** Given data follows **
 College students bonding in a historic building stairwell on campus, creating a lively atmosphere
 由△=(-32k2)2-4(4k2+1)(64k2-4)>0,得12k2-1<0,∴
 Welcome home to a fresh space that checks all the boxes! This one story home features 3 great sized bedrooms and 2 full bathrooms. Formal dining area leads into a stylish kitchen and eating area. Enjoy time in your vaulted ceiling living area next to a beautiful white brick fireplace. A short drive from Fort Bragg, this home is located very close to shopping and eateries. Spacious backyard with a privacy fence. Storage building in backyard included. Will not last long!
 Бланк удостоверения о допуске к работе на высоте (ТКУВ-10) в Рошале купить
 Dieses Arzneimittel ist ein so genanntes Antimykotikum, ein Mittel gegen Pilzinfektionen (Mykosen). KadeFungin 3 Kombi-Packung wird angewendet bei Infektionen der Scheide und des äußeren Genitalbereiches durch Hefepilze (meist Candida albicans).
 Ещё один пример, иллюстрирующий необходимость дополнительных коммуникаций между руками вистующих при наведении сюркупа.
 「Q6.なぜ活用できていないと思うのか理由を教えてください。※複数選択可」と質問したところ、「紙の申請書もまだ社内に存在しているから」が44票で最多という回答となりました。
** End of Given data **
** Given data follows **
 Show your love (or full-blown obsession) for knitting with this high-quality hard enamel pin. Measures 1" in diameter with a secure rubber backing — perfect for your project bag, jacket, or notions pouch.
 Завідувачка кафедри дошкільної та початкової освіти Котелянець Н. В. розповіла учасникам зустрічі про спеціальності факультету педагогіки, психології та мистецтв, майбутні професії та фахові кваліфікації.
** End of Given data **
** Given data follows **
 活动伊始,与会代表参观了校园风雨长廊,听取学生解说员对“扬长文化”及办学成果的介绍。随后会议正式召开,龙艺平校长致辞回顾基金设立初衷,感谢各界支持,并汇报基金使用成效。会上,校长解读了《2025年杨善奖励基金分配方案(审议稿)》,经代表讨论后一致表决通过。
** End of Given data **
→ What is being asked
Return exactly the lines above from the line that has "Бланк удостоверения о" through the line that has "Ещё один пример, иллюстрирующий", inclusive, and nothing else.

→ Response for this exercise
 Бланк удостоверения о допуске к работе на высоте (ТКУВ-10) в Рошале купить
 Dieses Arzneimittel ist ein so genanntes Antimykotikum, ein Mittel gegen Pilzinfektionen (Mykosen). KadeFungin 3 Kombi-Packung wird angewendet bei Infektionen der Scheide und des äußeren Genitalbereiches durch Hefepilze (meist Candida albicans).
 Ещё один пример, иллюстрирующий необходимость дополнительных коммуникаций между руками вистующих при наведении сюркупа.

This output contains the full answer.